Stockperformance

A tool to research Motley Fool's stock recommendations.

View the Project on GitHub jonyt/StockPerformance

Should you follow stock recommendations from the Motley Fool?

tl;dr No, no you shouldn't. Why? Because they usually do worse than the S&P 500 and the NASDAQ indexes. So you can basically do better by putting your money on one of those. It's a lot let hassle too.

How do I know this? I downloaded and parsed 214 articles from the Motley Fool starting from Nov. 2010, looking for stock recommendations. Since the end of 2010 is far enough from the (anomalous) big crash of ’08 I thought it would be a good time to rely on expert opinion on stock. I found 86 recommendations and compared them to the NASDAQ index and S&P 500. I then looked at their aggregate performance 6, 12, 18, 24 and 30 months onwards. At almost all of these points I would've been better off putting my money into one of the two indexes rather than into the Fool's recommended stocks. So much for expert opinion, huh?

Months % of stocks higher than S&P 500
6 48.84%
12 53.49%
18 50.00%
24 44.19%
30 45.35%
Months % of stocks higher than NASDAQ
6 51.16%
12 55.81%
18 44.19%
24 44.19%
30 44.19%

And here are all the results.

While the unreliability of stock predictions issued by finance experts is not news, Nobel Prize winner Daniel Kahneman found out about it years ago, the temptation to listen to them seems to be irresistible. There's something innately human about wanting to know the future and listening to experts who claim to know what it holds. After all, though the reliability of astrologers has been thoroughly debunked, the market for expert opinion about the influence of the alignment of the stars on the future has never been better. Why this is is a mystery to me but it does explain why so many people listen to expert opinion, even when it appears to be worthless. Indeed, much of the finance industry is based upon people's confidence in expert opinion about stocks.

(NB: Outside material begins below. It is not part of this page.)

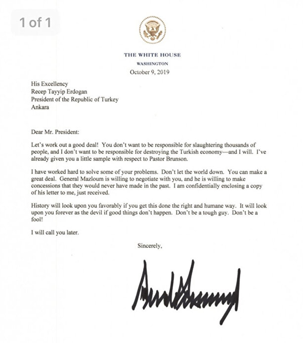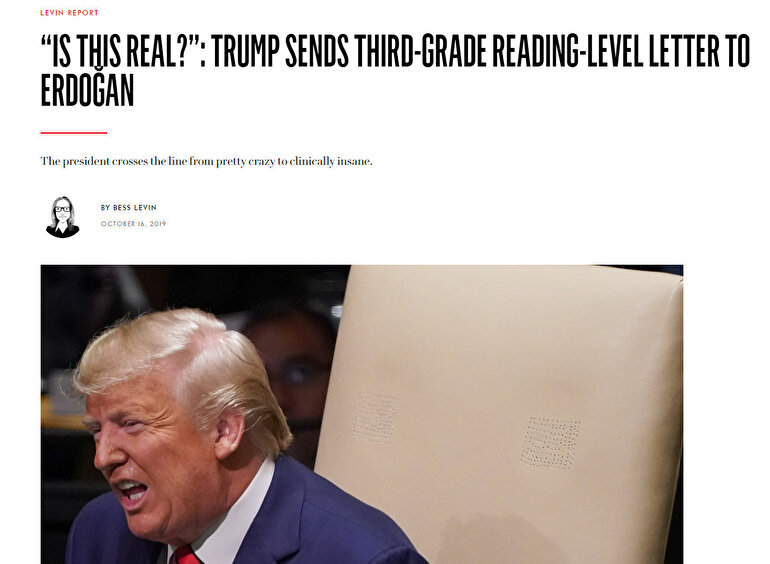 ABD Başkanı Donald Trump'ın, Cumhurbaşkanı Recep Tayyip Erdoğan'a yazdığı iddia edilen 9 Ekim tarihli mektubunda kullandığı dil ABD medyasında alay konusu oldu. Tuhaf ifadelerin yer aldığı ciddiyetsiz mektubun gerçekliği epey sorgulandı ancak Beyaz Saray'a yakın çoğu gazeteci mektubun varlığını doğruladı.

It’s a disheartening thought – over the long term you can’t beat the market. There does seem to be a tiny minority of investors, such as Warren Buffet and George Soros, who do significantly better than average. But for the rest of us, it seems we’re better off buying a stock index.


Want to verify my results? No problem. Here’s what you have to do:

Step one
Fork my code.
Step two
Use the ArticleDownloader project within the code to download articles from that were published at the Motley Fool.
Step three
Copy the files into the dataFiles directory of the MotleyFool project and run it. What the code does is look for the paragraph in each article giving the stock recommendations. It then extracts the company names and gets their historical data.